Meine FritzBox protokolliert automatisch die MAC-Adressen und die An- und Abmeldezeiten der Geräte im Gastnetz.
Im Falle rechtswidriger von Dritten begangener Handlungen im Internet könnte ich anhand der FritzBox-Protokolle beweisen, dass zu dieser Zeit noch weitere Geräte mit der IP-Adresse meines Routers im Internet unterwegs waren.
Daher glaube ich nicht, dass ich (nur weil ich ein offenes WLAN betreibe) für Rechtsverstöße anderer zur Verantwortung gezogen werden kann.

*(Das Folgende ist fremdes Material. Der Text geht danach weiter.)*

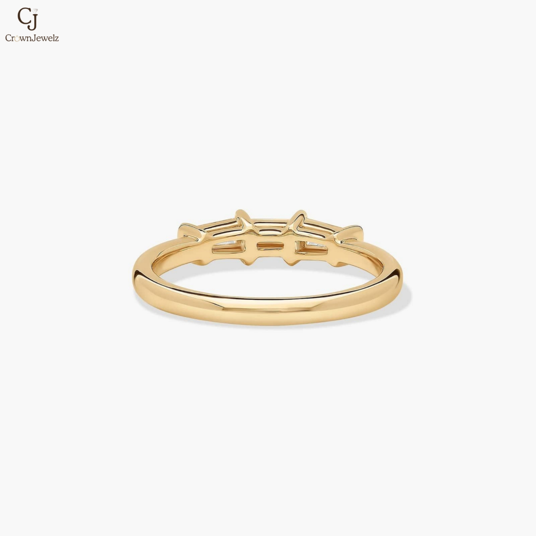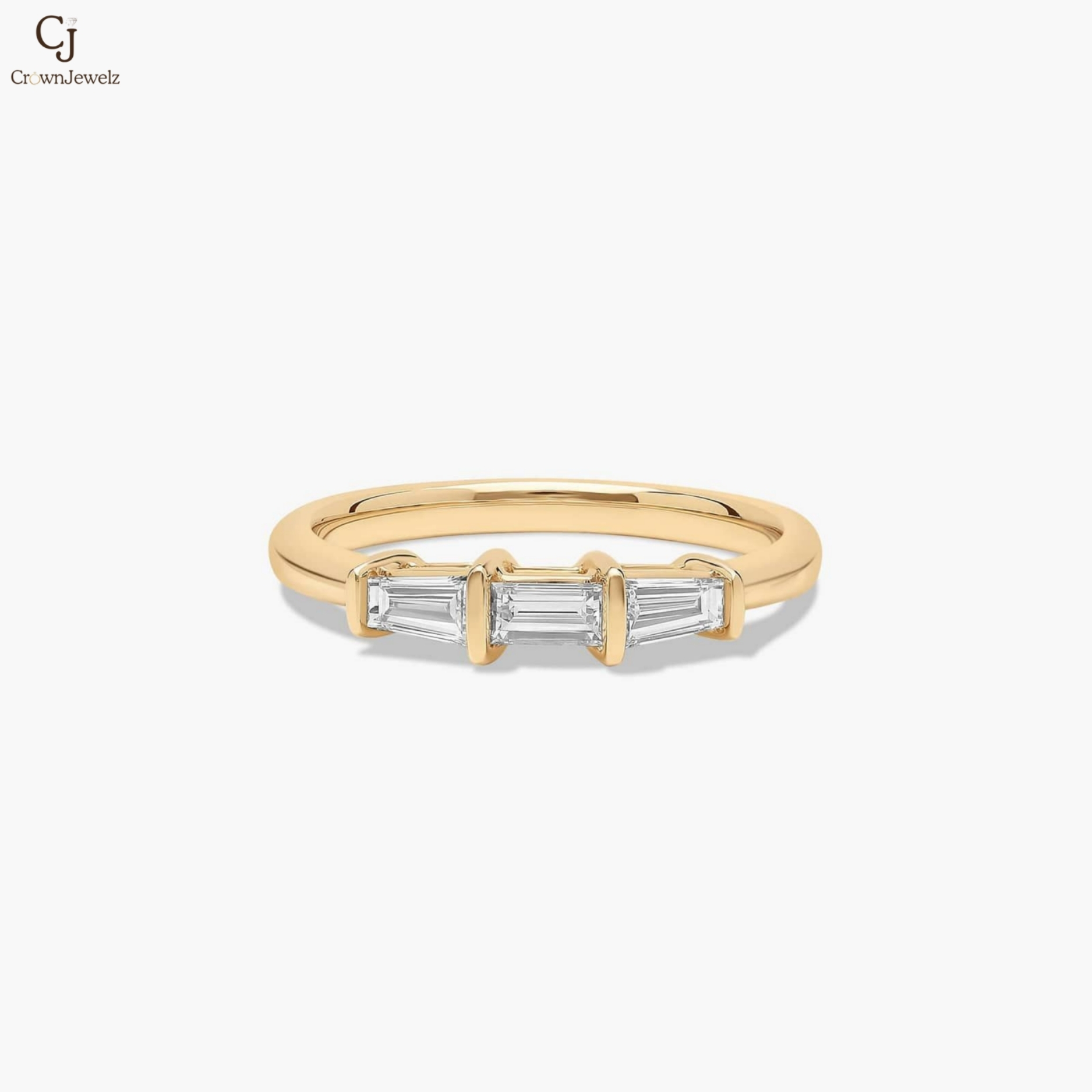 Sleek and contemporary, this yellow gold ring showcases a trio of baguette-cut diamonds in a clean, geometric setting. The structured design highlights each stone’s crisp lines and radiant sparkle. Minimal yet striking, it’s a modern classic perfect for everyday elegance or effortless stacking.

Es ist weiterhin sehr ratsam Gäste nicht mit der eigenen IP-Adresse im Netz surfen zu lassen, denn selbst ohne Störerhaftung hält man mit seiner eigenen IP-Adresse als Anschlussinhaber immer den Kopf für die Rechtsverletzung der Gäste hin; bis hin zur Hausdurchsuchung; vgl. nur www.spiegel.de/netzwelt/netzpolitik/bka-zahlreiche-durchsuchungen-wegen-hasspostings-im-netz-a-1102761.html und muss sich gegen rechtliche Anschuldigungen (in der Regel mit einem Anwalt) verteidigen. Mehr Infos hierzu finden Sie auch unter: www.sorglosinternet.de/ermittlungen-bei-rechtsverstoessen
Nur mit professionellem Gäste-WLAN-Provider kann einfach und rechtssicher (bitte auch an die aktuellen Entwicklungen wie Vorratsdatenspeicherung denken) Gäste-Internet angeboten werden.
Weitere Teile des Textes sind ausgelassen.